Market Updates

Truce Over: Trump fires off new 10% tariff on $300 Billion worth of imports from China

U.S. President Donald Trump took to Twitter on Aug 1 announcing a new 10% tariff on the fourth list of $300 billion dollars worth of imports from China, effective Sept. 1.  This will add a tariff to just about all of the remaining imports from China that haven't already fallen victim to Section 301 duties.  The 10% tariff will be in addition to any other applicable tariffs already in place on products on the list. 

What products will be affected by the new tariff?

The new tariffs will apply to 3,805 product categories including livestock, meat and dairy products, floral products, fruits and vegetables, spices, apparel, shoes, chemicals, toys, sports equipment, TVs and electronics, musical instruments, and more. View the list of products in the Annex of Federal Register Notice 84 FR 22564 here

According to the USTR, List 4 covers all apparel, footwear, and manufactured textile products but excludes pharmaceuticals, certain pharmaceutical inputs, select medical goods, and rare earth minerals. 


*UPDATE* USTR delays implementation of some tariffs until Dec 15, easing holiday shopping season concerns

On Aug 13, USTR announced it would be implementing the 10% tariffs on $300 billion of Chinese imports in two phases, splitting the products into two lists.  It also removed some products from the list based on health, safety, and national security concerns.  
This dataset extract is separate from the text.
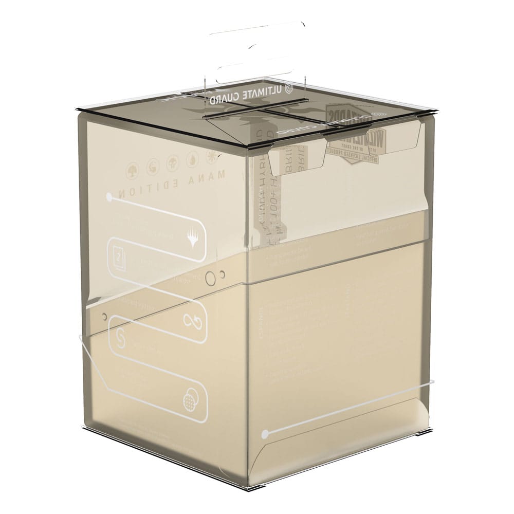 Ultimate Guard's Boulder 100+ Hybrid combines the completely transparent top of the Boulder Clear with a soft-touch base in the style of the original Boulder. The officially licensed MTG deck box is easy to open, but offers reliable protection for your cards thanks to its sturdy case and secure closure. The Boulder 100+ Hybrid holds up to 100 double-sleeved cards and is suitable for all Magic: The Gathering formats such as Commander (EDH), Standard or Modern.

The USTR delayed to December 15 tariffs on products including cell phones, laptop computers, video game consoles, certain toys, computer monitors, and certain items of footwear and clothing. 

View the lists here:



*UPDATE #2* U.S. increases tariffs on Chinese goods again

On Aug 23, “Twelve hours after China said it would retaliate against Mr. Trump’s next round of tariffs by raising taxes on American goods, Mr. Trump said he would bolster existing tariffs on Chinese goods," reported the New York Times.

President Trump instructed the United States Trade Representative (USTR) to increase by 5% the tariffs on approximately $550 billion worth of Chinese imports. 

  • For the 25% tariffs on approximately $250 billion worth of Chinese imports, USTR will begin the process of increasing the tariff rate to 30%, effective October 1 following a notice and comment period. 
  • For the 10% tariffs on approximately $300 billion worth of Chinese imports that the President announced earlier this month, the tariffs will now be 15%, effective on the already scheduled dates for tariff increases on these imports. 

View the USTR announcement >>


Why did the U.S. decide to levy tariffs on List 4 imports from China?

Trump cited Chinese negotiators "re-negging" on parts of the deal, and a lack of agricultural purchases from China as a main factors for levying the tariffs.  He also claimed that his "friend President Xi" didn't stop the sale of Fentanyl to Americans. 

⁠—Donald Trump via Twitter


Will there be a Product Exclusion process for List 4?

With the tariff on products on List 4 set at just 10%, we are not expecting the USTR to accept exclusion requests.  However, if the Administration decides to further raise the tariff to 25%, the USTR may open up an exclusion process similar to the one used for List 3 products. 


So what's a shipper to do?

Only one month of lead time before the tariff goes into effect certainly isn't much notice!  Companies importing goods from China need to take a look at their upcoming shipments' projected arrival dates to see if there are any that will be subject to the new tariffs.  It's also a good idea to explore any legal options for reducing or eliminating their exposure to these increasing costs.

Here are 5 tips from SupplyChain 24/7 for minimizing negative effects from the China trade tariffs on your supply chain:

  1. Start With The Big Picture: Head over to the Automated Commercial Environment system (ACE) to analyze your import data, and look into the Harmonized Tariff Schedule (HTS) codes of your products and their components.

  2. Find Alternatives To Your Current Supply Chain Partners: Identify alternative sources for components and raw materials in areas outside of China, like other Southeast Asia countries including Indonesia, Vietnam, or the Philipines.

  3. Consider Domestic Partners: Advantages of working with domestic manufacturing partners include greater IP security, lowered transportation costs, and high labor standards. 

  4. Smaller Partners Can Produce Bigger Results: Smaller companies can avoid regulatory costs because their small size enables them to move quickly. They are often more agile and flexible than larger counterparts. 

  5. Rethink Technology In Your Product Design & Development: Consider product redesigns or alternative components that can be used while still maintaining product quality. 

Read the full article here >>

Chinese negotiators are expected to visit Washington to continue their trade discussions in person in early September, with the hopes of reaching a comprehensive trade deal.